+++ Given records

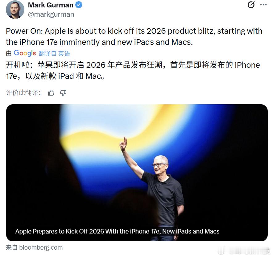 苹果将发布多款新品 马克 · 古尔曼提到苹果今年春季将会发布多款新品,包括:iPhone 17e、iPad 12/Air 8、M5 Pro / Max MacBook Pro
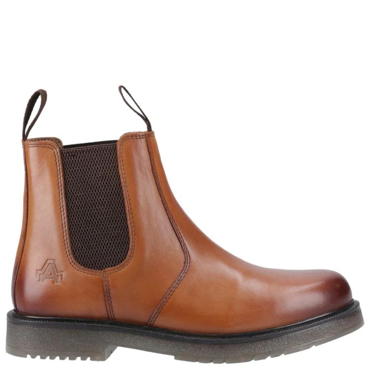 The Amblers Men's Tan Wells Boots, are a hardwearing dealer boot, with full grain leather upper and PVC sole. Crafted with a sturdy leather upper and a tough rubber sole, these boots are designed to withstand daily wear while providing all-day support.
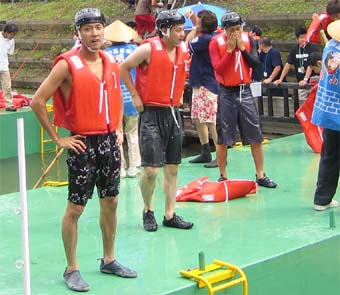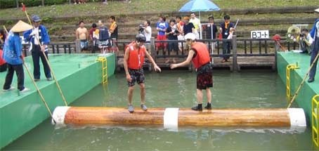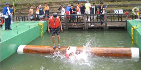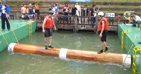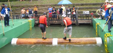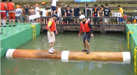 水上の丸太の両端に両チーム各1名が乗り、対戦相手を先に落とした者の勝ちです。
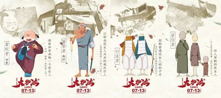 此外,導演還在片中設置了把花生人當做豬玀的掌權者吉安姥爺、將一刀取人心髒作為理想的屠宰者庖卯、幫助吉安殺死自己人的行法者,甚至以權力為目標、把恐怖果實獻給太子的小孩子……這些配角無不是人類社會裏最黑暗的縮影。
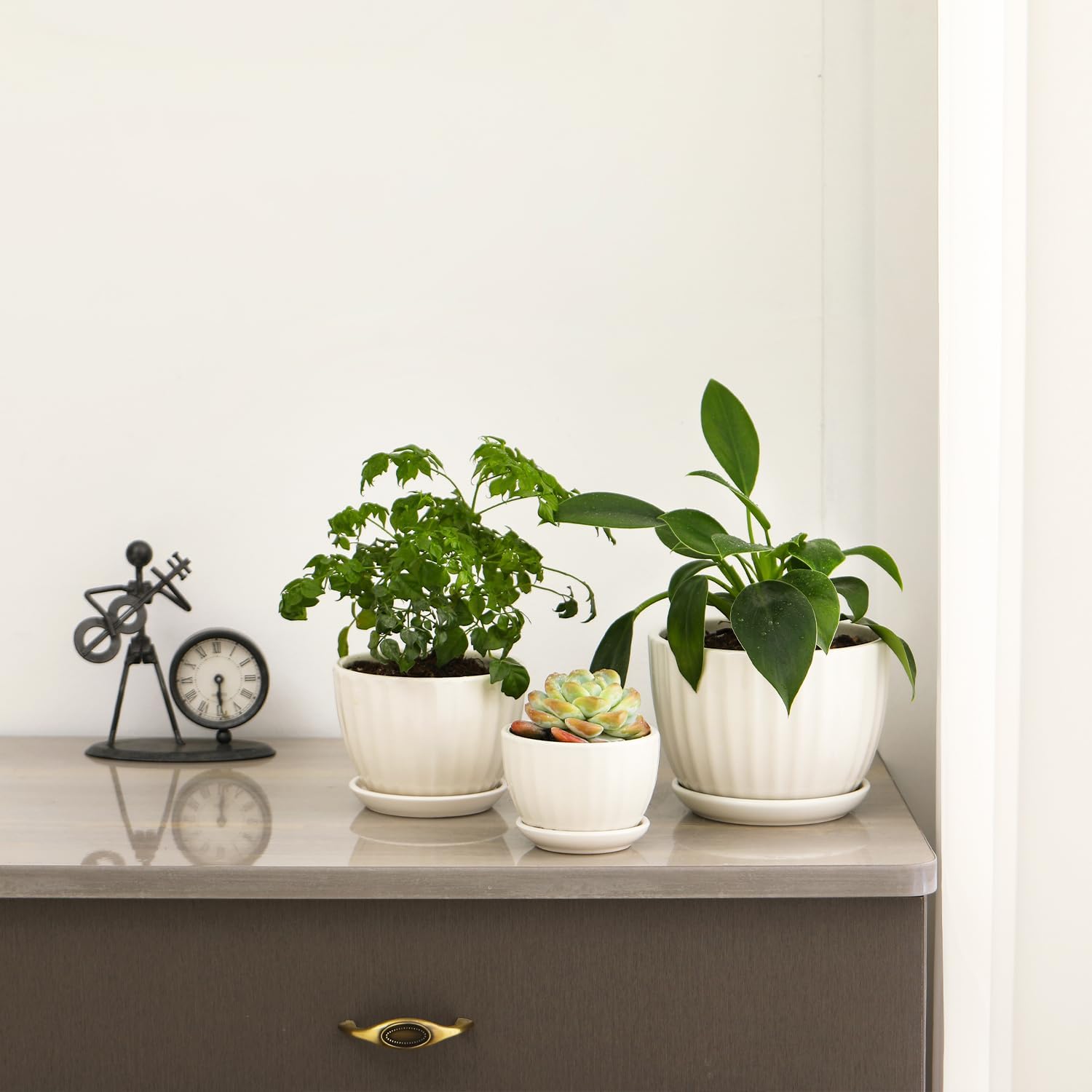 • SMALL PLANTER SET: These garden plant pots are made of ceramic and come in three sizes: Medium width is 5.5 inches (14 cm), Small width is 4.3 (11 cm) inches, and nimi width is 3.3 inches (9 cm). They are fired at high temperature, so they are durable and lightweight.
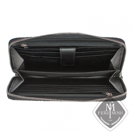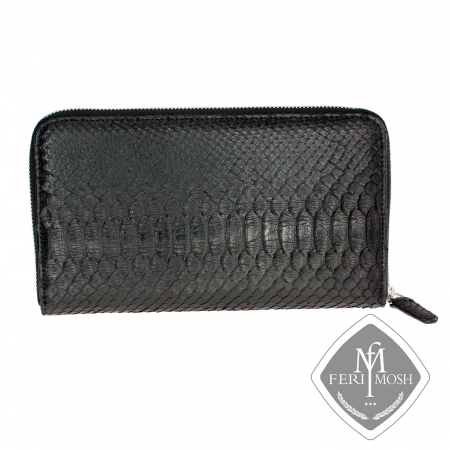 FERI MOSH- Black genuine python leather zippered pocketbook - Exterior slit pocket with top stitching - Quality metal zipper closure - Interior lined with nappa leather - Accordion style opening - 2 zippered pockets - Space for 8 cards - Ample space and slit...

++++++

Any picture in the material is to be dropped; the rest is repeated exactly.

 苹果将发布多款新品 马克 · 古尔曼提到苹果今年春季将会发布多款新品,包括:iPhone 17e、iPad 12/Air 8、M5 Pro / Max MacBook Pro
 The Amblers Men's Tan Wells Boots, are a hardwearing dealer boot, with full grain leather upper and PVC sole. Crafted with a sturdy leather upper and a tough rubber sole, these boots are designed to withstand daily wear while providing all-day support.
 水上の丸太の両端に両チーム各1名が乗り、対戦相手を先に落とした者の勝ちです。
 此外,導演還在片中設置了把花生人當做豬玀的掌權者吉安姥爺、將一刀取人心髒作為理想的屠宰者庖卯、幫助吉安殺死自己人的行法者,甚至以權力為目標、把恐怖果實獻給太子的小孩子……這些配角無不是人類社會裏最黑暗的縮影。
 • SMALL PLANTER SET: These garden plant pots are made of ceramic and come in three sizes: Medium width is 5.5 inches (14 cm), Small width is 4.3 (11 cm) inches, and nimi width is 3.3 inches (9 cm). They are fired at high temperature, so they are durable and lightweight.
 FERI MOSH- Black genuine python leather zippered pocketbook - Exterior slit pocket with top stitching - Quality metal zipper closure - Interior lined with nappa leather - Accordion style opening - 2 zippered pockets - Space for 8 cards - Ample space and slit...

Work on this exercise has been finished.